They say 1852 is the guarantee and the pledge of 1853; but it is not so. Because you have seen the end of 1852, you have not the least guarantee that you will see that of 1853; because this year has rolled to its close, there is no evidence that God will continue to us the next. He lives, and is the living God; not the God of the past that was, but of the present that is; and he may step in and terminate the series at any moment and at any hour, like a thief in the night, as he pleases. And yet, stranger still to say, though this is so, men will be engaged upon the eve of the world's destruction by fire, just as they were on the eve of its dissolution by the Flood. Some one has made the remark, "History is an old almanac." The remark was made contemptuously, but there is great truth in it. The dates are changed, and that is all. Hence it is, that as it was in the days of Noah, so shall also the coming of the Son of man be. The date is changed, but there is the same human nature, the same facts, the same phenomena - human nature, left to itself, having made no progression, but repeating itself till the cycles of today are only the repetition of the cycles of yesterday, and all teaching us that, without influence from on high, human nature must degenerate, not improve, or attain to that great standard to which it was originally conformed.

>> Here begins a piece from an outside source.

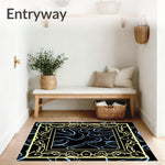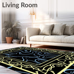 Flatwoven High Traffic Area Rug, Modern Marble Cascade with Gold Ribbon Detailing, Non Slip, Stain Resistant, Washable Area Rugs for Living Room, Bedroom (Black) Overview:

Such are some of the features of church and state prior to the Deluge, and such too are some of the proofs that these portraits are too faithfully copied by us, who live in the last days of the world. How humbling it is to us all, that we are the descendants of such a race, the inheritors of so perverted a humanity! How forcibly are we taught by all we have been considering, that the domestic is the first spring of powerful influence, either to corrupt, or to improve mankind! It is in the individual home that influ

ences begin, which go forth, like ministering angels, to bless and beautify mankind, or, like fiends and demons, to curse and to destroy the world. It was by intermarriages that God forbade, that the great elements of corruption were so rapidly generated. It is still the individual home that makes the great home, called the country. And all reforms, ecclesiastical, social, political, however good in themselves, are not for one moment to be compared with that reform which begins in the individual heart, fills with its transforming beauty the individual home, and spreads from it, as from a centre of sanctifying and holy influence, till the whole country, or the large home, becomes a reflection of the little one; and nations are blessed, and mankind are benefited, by what individuals are in their personal and domestic relationships.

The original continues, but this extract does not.